Desktop NMR for structure elucidation and identification of strychnine adulteration.

Elucidating the structure of complex molecules is difficult at low magnetic fields due to the overlap of different peak multiplets and second-order coupling effects. This is even more challenging for rigid molecules with small chemical shift differences and with prochiral centers. Since low-field NMR spectroscopy is sometimes presumed as restricted to the analysis of only small and simple molecules, this paper aims at countering this misconception: it demonstrates the use of low-field NMR spectroscopy in chemical forensics for identifying strychnine and its counterions by exploring the chemical shift as a signature in different 1D 1H and 13C experiments. Hereby the applied methodologies combine various 1D and 2D experiments such as 1D 1H, 13C, DEPT, and 2D COSY, HETCOR, HSQC, HMBC and J-resolved spectroscopy to elucidate the molecular structure and skeleton of strychnine at 1 Tesla. Strychnine is exemplified here, because it is a basic precursor in the chemistry of natural products and is employed as a chemical weapon and as a doping agent in sports including the Olympics.

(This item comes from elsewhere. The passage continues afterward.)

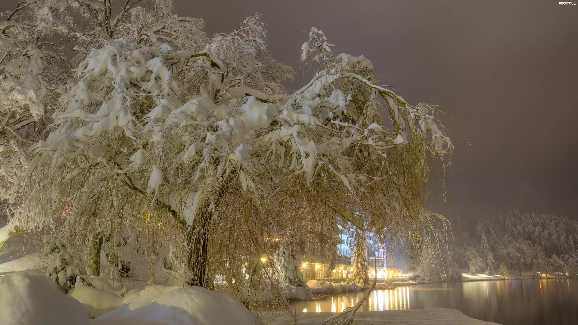 Zdjęcia, Zima, Jezioro, Las, Drzewa, Słowenia

In our study, the molecular structure of the compound could be identified either with a 1D experiment at high magnetic field or with HMBC and HSQC experiments at 1 T. In conclusion, low-field NMR spectroscopy enables the chemical elucidation of the strychnine structure through a simple click with a computer mouse. In situations where a high-field NMR spectrometer is unavailable, compact NMR spectrometers can nevertheless generate knowledge of the structure, important for identifying the different chemical reaction mechanisms associated with the molecule. Desktop NMR is a cost-effective viable option in chemical forensics. It can prove adulteration and identify the origin of different strychnine salts, in particular, the strychnine free base, strychnine hemisulphate and strychnine hydrochloride. The chemical shift signatures report the chemical structure of the molecules due to the impact of the counterions on the chemical shift of the protons adjacent to the heteroatoms. This can serve as a methodology for the structure elucidation of complex molecules at lower-magnetic fields.